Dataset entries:

▶

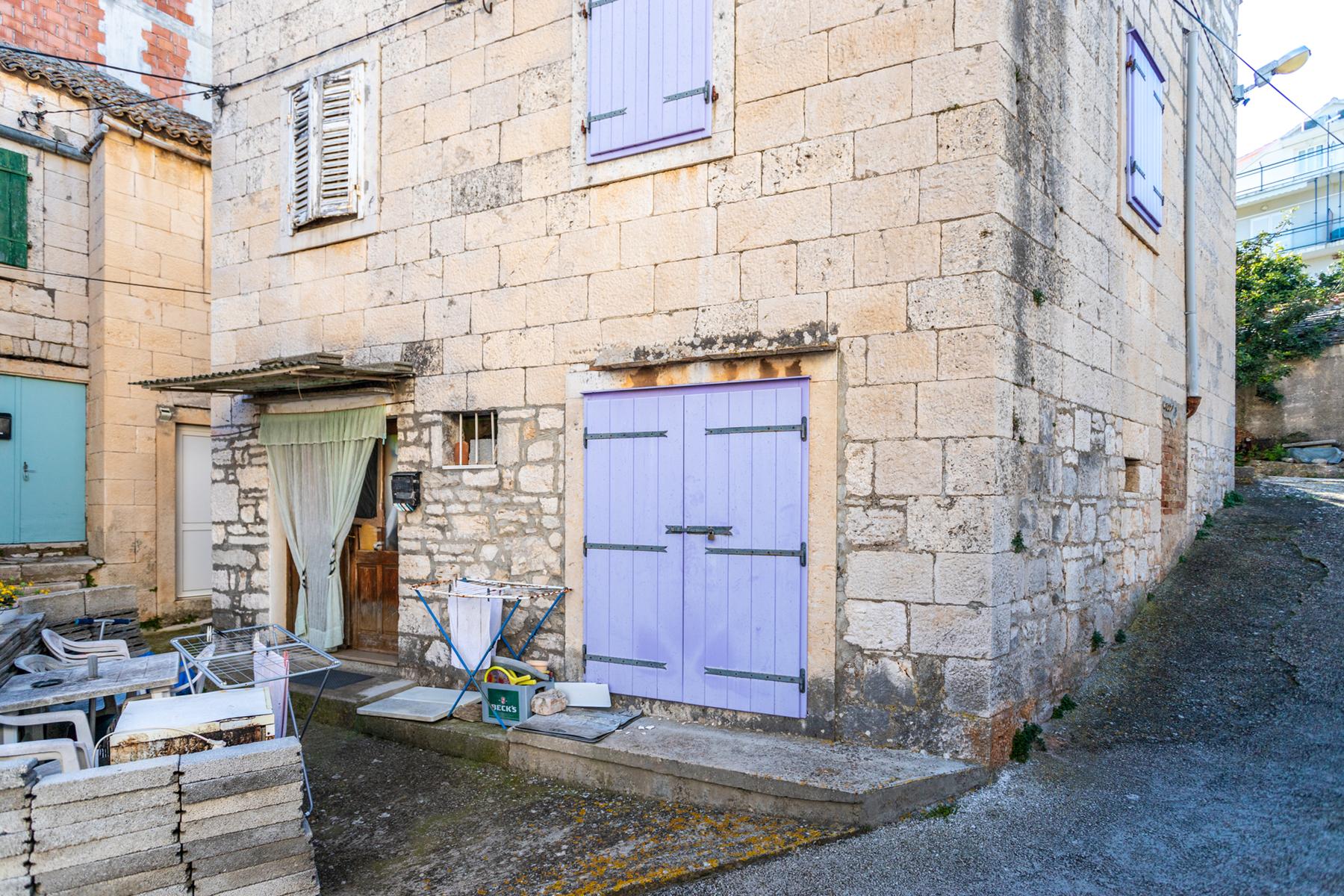Остров Вис е изключително място за хора, които ценят спокойствието и близостта до природата. Това е идеалното местоположение за дом, който може да бъде адаптиран според личните нужди. Каменният полу-дом е разположен в тиха част на острова, само на сто метра от пристанището и крайбрежната алея Рива. Имотът има обща площ от шестдесет и шест квадратни метра, разпределена на три етажа. Всеки етаж е около двадесет и два квадратни метра, което предоставя голямо пространство за оформление. Сградата се нуждае от пълна реновация, което дава свобода за персонализиране на пространството според собствените очаквания. На партерния етаж има търговско помещение с отделен вход, което създава възможност за бизнес или създаване на зона за отдих. Този имот е отлична инвестиция за ваканционен дом, осигуряващ близост до морето и очарованието на традиционната каменна архитектура.
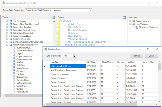 Devart SSIS Data Flow Components for Azure SQL Data Warehouse allows you to integrate Azure SQL Data Warehouse with other databases and cloud applications via SQL Server Integration Services (SSIS). They include optimized AzureDWH Source, AzureDWH Destination, and AzureDWH Lookup components and provide their own AzureDWH Connection Manager. Devart Azure Synapse Analytics Source component offers a convenient editor, which displays all the connection tables and their columns and allows users to build a query to Azure Synapse Analytics via drag-and-drop.
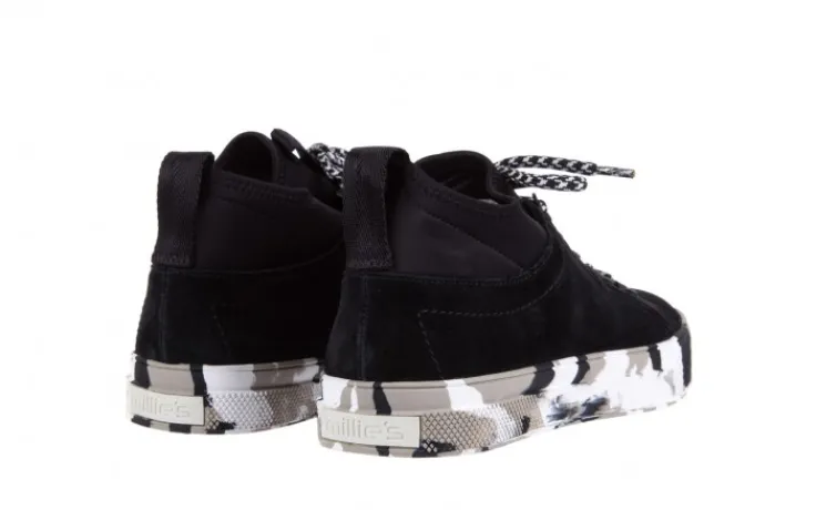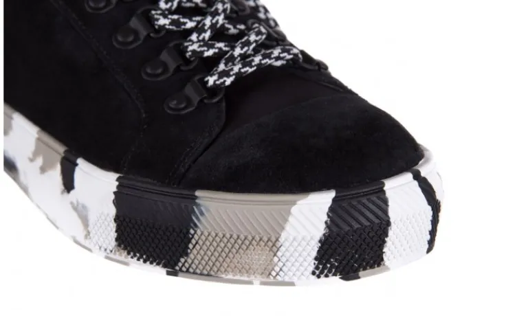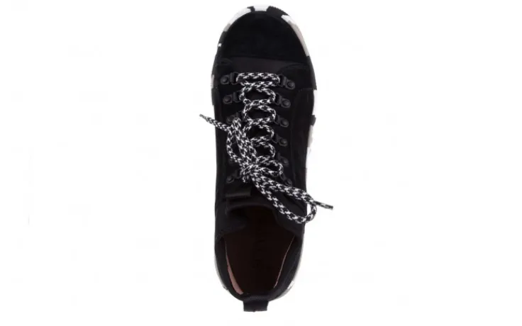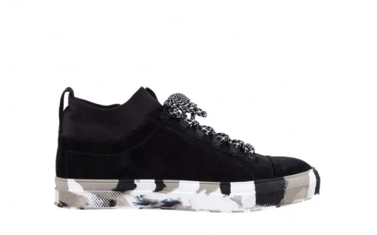 Trampki na platformie marki Sca’viola. Wykonane z miękkiej skóry zamszowej w kolorze czarnym. Z przodu sznurowane. Górna część cholewki to elastyczny materiał (neopren), który ułatwia zakładanie obuwia. Platforma wykonana z tworzywa o właściwościach antypoślizgowych, ozdobione modnym w tym sezonie wzorem moro. Idealne na co dzień.
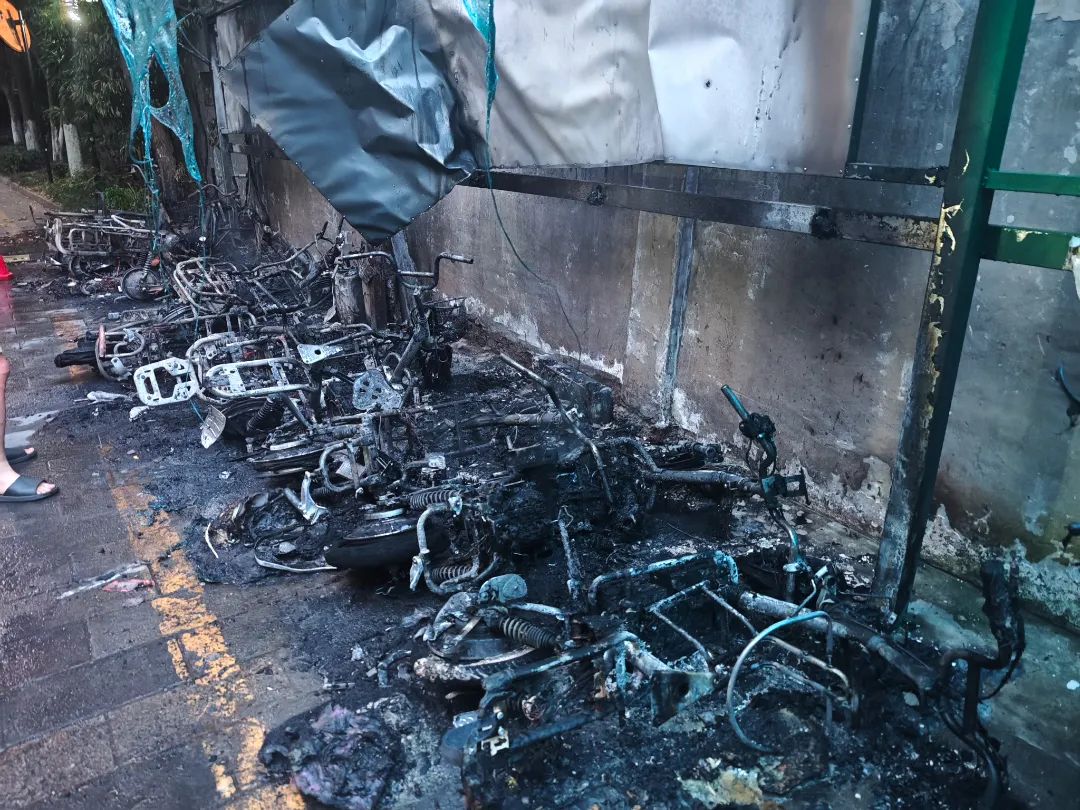 从起火到火灭的约25分钟内,车棚里停放的16辆电动车,有12辆被引燃、烧毁,数量占比达75%,直接经济损失达3.7万余元。经调查,起火原因系其中一辆电动自行车充电过程中蓄电池故障,引发火灾。
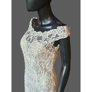 Ivory/Champagne Off Shoulder Fit and Flare Sparkle Illusion Wedding Gown
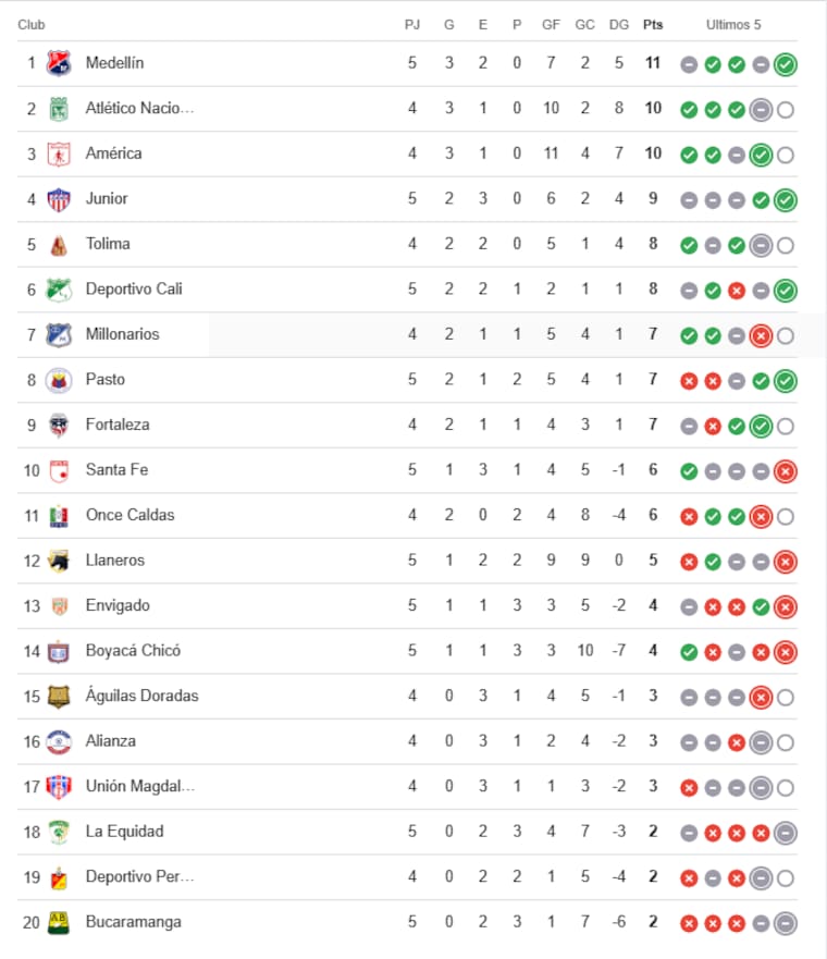 Atlético Bucaramanga, que empató 0-0 en su casa ante Alianza Valledupar, sigue sumido en el último lugar con solo dos punticos. Deportivo Pereira y La Equidad poseen las mismas unidades, pero la peor diferencia de gol es de los ‘Búcaros’.
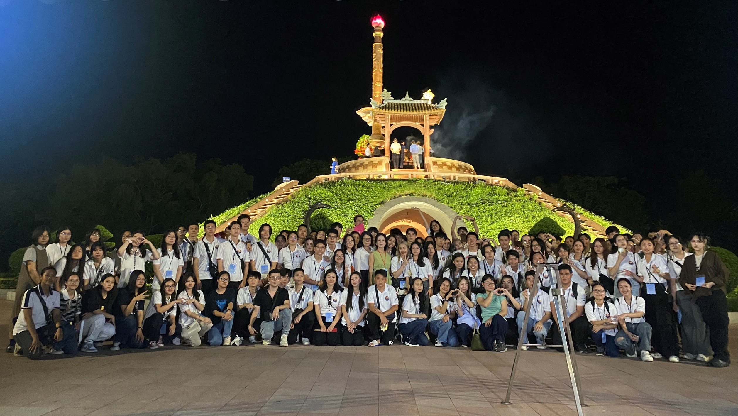 Đoàn Trại hè Việt Nam 2023 chụp ảnh trước Đài tưởng niệm trung tâm Thành cổ Quảng Trị. Ảnh: Ngọc Tư |
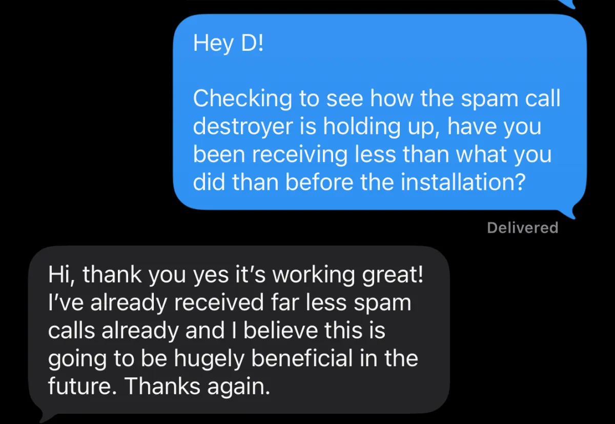 Now every ring has meaning. Your business feels calm, focused, and in control again. Spam Call Destroyer uses smart AI to filter fake calls instantly, letting only real customers through, all set up for you in under 24 hours.

◀

Apart from the images, the entries above must be returned without alteration.

Answer to this task.
Остров Вис е изключително място за хора, които ценят спокойствието и близостта до природата. Това е идеалното местоположение за дом, който може да бъде адаптиран според личните нужди. Каменният полу-дом е разположен в тиха част на острова, само на сто метра от пристанището и крайбрежната алея Рива. Имотът има обща площ от шестдесет и шест квадратни метра, разпределена на три етажа. Всеки етаж е около двадесет и два квадратни метра, което предоставя голямо пространство за оформление. Сградата се нуждае от пълна реновация, което дава свобода за персонализиране на пространството според собствените очаквания. На партерния етаж има търговско помещение с отделен вход, което създава възможност за бизнес или създаване на зона за отдих. Този имот е отлична инвестиция за ваканционен дом, осигуряващ близост до морето и очарованието на традиционната каменна архитектура.
 Devart SSIS Data Flow Components for Azure SQL Data Warehouse allows you to integrate Azure SQL Data Warehouse with other databases and cloud applications via SQL Server Integration Services (SSIS). They include optimized AzureDWH Source, AzureDWH Destination, and AzureDWH Lookup components and provide their own AzureDWH Connection Manager. Devart Azure Synapse Analytics Source component offers a convenient editor, which displays all the connection tables and their columns and allows users to build a query to Azure Synapse Analytics via drag-and-drop.
 Trampki na platformie marki Sca’viola. Wykonane z miękkiej skóry zamszowej w kolorze czarnym. Z przodu sznurowane. Górna część cholewki to elastyczny materiał (neopren), który ułatwia zakładanie obuwia. Platforma wykonana z tworzywa o właściwościach antypoślizgowych, ozdobione modnym w tym sezonie wzorem moro. Idealne na co dzień.
 从起火到火灭的约25分钟内,车棚里停放的16辆电动车,有12辆被引燃、烧毁,数量占比达75%,直接经济损失达3.7万余元。经调查,起火原因系其中一辆电动自行车充电过程中蓄电池故障,引发火灾。
 Ivory/Champagne Off Shoulder Fit and Flare Sparkle Illusion Wedding Gown
 Atlético Bucaramanga, que empató 0-0 en su casa ante Alianza Valledupar, sigue sumido en el último lugar con solo dos punticos. Deportivo Pereira y La Equidad poseen las mismas unidades, pero la peor diferencia de gol es de los ‘Búcaros’.
 Đoàn Trại hè Việt Nam 2023 chụp ảnh trước Đài tưởng niệm trung tâm Thành cổ Quảng Trị. Ảnh: Ngọc Tư |
 Now every ring has meaning. Your business feels calm, focused, and in control again. Spam Call Destroyer uses smart AI to filter fake calls instantly, letting only real customers through, all set up for you in under 24 hours.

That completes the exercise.